As a TikTok ban looms, hundreds of thousands of Americans casting about for a new video-sharing app have migrated to Xiaohongshu, a social media platform that translates as “Little Red Book,” the American nickname for a classic compendium of quotations from Chairman Mao. It has all played out like a global practical joke on the American government: Threatened with exile from TikTok over concerns of Chinese interference, its users have simply scrolled to a different Chinese app, one whose name evokes the Chinese Communist Party.
When I downloaded Xiaohongshu, widely called RedNote, it was ranked first among free apps in Apple’s U.S. App Store. (The second was Lemon8, another Chinese TikTok alternative owned by TikTok’s parent company, ByteDance.) I surrendered my phone number, reported my gender and ticked off some of my interests: baby care, calligraphy, snacks. Then I absorbed a selection of the app’s algorithmically selected videos: A girl in a lace veil eating an ice pop the size of her head; a woman preparing dinner in the back seat of a minicar lined with animal plushies; a stirring fan edit of Luigi Mangione court appearances.

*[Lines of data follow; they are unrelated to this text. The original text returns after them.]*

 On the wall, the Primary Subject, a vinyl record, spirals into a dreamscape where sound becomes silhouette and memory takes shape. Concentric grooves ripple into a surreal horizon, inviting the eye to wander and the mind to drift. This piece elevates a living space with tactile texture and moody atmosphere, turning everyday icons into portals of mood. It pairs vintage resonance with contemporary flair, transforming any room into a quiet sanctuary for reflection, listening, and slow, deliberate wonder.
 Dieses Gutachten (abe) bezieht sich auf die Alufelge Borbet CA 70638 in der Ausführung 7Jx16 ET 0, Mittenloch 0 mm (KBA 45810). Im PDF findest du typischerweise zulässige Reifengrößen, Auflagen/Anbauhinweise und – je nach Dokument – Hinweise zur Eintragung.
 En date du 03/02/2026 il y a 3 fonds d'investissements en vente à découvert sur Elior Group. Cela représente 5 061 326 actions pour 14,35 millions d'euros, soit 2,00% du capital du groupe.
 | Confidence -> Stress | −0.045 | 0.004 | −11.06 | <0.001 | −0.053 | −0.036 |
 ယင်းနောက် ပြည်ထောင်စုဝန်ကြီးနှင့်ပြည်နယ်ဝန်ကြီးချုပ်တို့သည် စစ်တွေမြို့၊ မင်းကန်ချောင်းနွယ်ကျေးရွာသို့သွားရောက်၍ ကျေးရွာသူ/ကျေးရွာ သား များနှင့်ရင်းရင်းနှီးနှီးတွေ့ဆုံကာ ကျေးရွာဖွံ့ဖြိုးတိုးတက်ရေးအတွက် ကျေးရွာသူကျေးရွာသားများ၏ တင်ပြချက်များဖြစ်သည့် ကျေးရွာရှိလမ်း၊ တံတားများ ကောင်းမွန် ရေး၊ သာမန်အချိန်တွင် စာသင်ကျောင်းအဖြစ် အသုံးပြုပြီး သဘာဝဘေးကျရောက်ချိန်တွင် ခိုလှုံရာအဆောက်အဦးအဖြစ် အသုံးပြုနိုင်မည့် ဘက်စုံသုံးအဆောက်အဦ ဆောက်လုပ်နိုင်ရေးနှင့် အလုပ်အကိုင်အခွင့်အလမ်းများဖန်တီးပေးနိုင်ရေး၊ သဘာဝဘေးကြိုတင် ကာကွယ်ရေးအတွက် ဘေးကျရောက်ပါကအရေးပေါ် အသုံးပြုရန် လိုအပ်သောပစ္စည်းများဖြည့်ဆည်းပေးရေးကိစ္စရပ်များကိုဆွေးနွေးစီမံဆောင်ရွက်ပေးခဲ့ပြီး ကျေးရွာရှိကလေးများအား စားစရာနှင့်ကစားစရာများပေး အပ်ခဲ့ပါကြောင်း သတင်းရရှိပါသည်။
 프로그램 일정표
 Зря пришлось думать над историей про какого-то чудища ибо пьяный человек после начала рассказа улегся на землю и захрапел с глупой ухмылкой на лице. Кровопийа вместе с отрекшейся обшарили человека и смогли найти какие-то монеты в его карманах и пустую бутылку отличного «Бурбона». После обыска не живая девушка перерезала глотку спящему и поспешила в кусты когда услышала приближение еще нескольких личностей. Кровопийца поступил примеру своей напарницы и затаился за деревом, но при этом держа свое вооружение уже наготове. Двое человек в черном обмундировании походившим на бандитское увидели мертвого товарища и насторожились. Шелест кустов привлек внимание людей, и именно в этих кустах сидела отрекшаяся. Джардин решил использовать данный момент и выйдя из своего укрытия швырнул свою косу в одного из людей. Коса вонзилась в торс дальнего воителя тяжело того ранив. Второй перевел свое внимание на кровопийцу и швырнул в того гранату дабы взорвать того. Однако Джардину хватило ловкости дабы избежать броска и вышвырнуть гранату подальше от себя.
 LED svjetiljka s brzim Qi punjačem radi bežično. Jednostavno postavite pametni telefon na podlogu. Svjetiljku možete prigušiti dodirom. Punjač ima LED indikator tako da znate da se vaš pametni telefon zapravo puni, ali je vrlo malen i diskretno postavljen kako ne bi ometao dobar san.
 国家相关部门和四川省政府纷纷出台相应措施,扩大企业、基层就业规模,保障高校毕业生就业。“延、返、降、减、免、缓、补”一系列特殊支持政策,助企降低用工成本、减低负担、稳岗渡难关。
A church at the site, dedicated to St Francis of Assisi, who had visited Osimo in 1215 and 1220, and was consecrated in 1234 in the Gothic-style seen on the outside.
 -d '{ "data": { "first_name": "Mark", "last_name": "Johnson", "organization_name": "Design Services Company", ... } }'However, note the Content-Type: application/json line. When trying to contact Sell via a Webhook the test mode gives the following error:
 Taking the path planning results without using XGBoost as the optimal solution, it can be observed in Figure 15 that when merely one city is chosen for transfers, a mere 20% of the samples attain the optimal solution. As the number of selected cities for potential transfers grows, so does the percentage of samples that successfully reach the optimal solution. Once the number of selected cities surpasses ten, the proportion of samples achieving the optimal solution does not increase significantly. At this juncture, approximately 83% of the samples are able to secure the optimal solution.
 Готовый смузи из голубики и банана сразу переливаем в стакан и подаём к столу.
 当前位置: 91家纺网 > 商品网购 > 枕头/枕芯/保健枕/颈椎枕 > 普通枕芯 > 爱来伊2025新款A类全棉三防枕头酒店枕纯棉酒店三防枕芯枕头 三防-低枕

Soon I started to see videos pitched directly at me — welcome notes created for the American TikTok user who recently arrived on RedNote’s shores.
Inside the world of Xiaohongshu, the Americans downloading the app en masse have been branded “TikTok refugees.” Its existing Chinese users have jokingly advertised themselves as the Americans’ “new Chinese spies,” started administering Mandarin lessons and formed in-app group chats for “refugees” to get the lay of the land. They have warned that they intend to collect a tax from foreign users (the price tag: You must share a picture of a cat).
It’s all a wry commentary on the U.S. government’s crackdown on TikTok, and the relative ease with which users can simply regenerate a similar experience on some other Chinese platform. Together, Chinese power users and American newbies are spontaneously performing a mocking burlesque of national security policy.
For TikTok users, the decision to banish TikTok specifically from American phones can seem silly. Over the past several years, lawmakers have blamed the app for everything from failing to uphold “American values” to promoting pro-Palestinian content among American youth. As if American-owned social media companies like Meta have never sought to mine and exploit sensitive data. As if American-owned platforms like X would never juice their algorithms to reward certain political ideas.
But of course, it is the nature of social media to make an impersonal tech product feel intimate, while its hidden costs (and threats) remain remote and unimaginable. It makes it hard to be sure what’s really going on in the back end.
If the TikTok ban succeeds, and Americans are on Xiaohongshu to stay, they may come to dominate its culture, water down its appeal, ruin its vibe. But for the time being, they are visitors in a foreign land, struggling to read Mandarin instructions and navigate the app’s unfamiliar pathways.
The platform, which is owned by a Shanghai-based company called Xingyin Information Technology, is aglow with a giddy exchange-program feeling. On Wednesday, I encountered a little boy in a fuzzy pink sweater explaining (and modeling) a rack of Chinese traditional clothing, and a sweatshirt-wearing bro warning us not to show our butts or say anything racist, and an adorable influencer who posted a video responding to “comments from TikTok refugees,” most of them attempting to flirt with him. (One asked him how to say “daddy” in Mandarin.) The cat-meme tax is a nice touch, a signal that RedNote users are eager to communicate with Americans through our shared ancient internet language.
One of my favorite videos came from a Chinese user, a teacher of the English language, who also does a decent impression of Donald J. Trump — and who is now teaching English speakers how to say “America” in Mandarin in a Trumpian voice. The video pokes fun at Trump’s consistently bizarre pronunciation of “China” and implies that perhaps it’s time to give America the same treatment.
Xiaohongshu has provided a rare glimpse of a Chinese perspective on America, generously translated and packaged for American consumption. The glow of our digital vacation may come to an end soon, but it was worth the picture of the cat.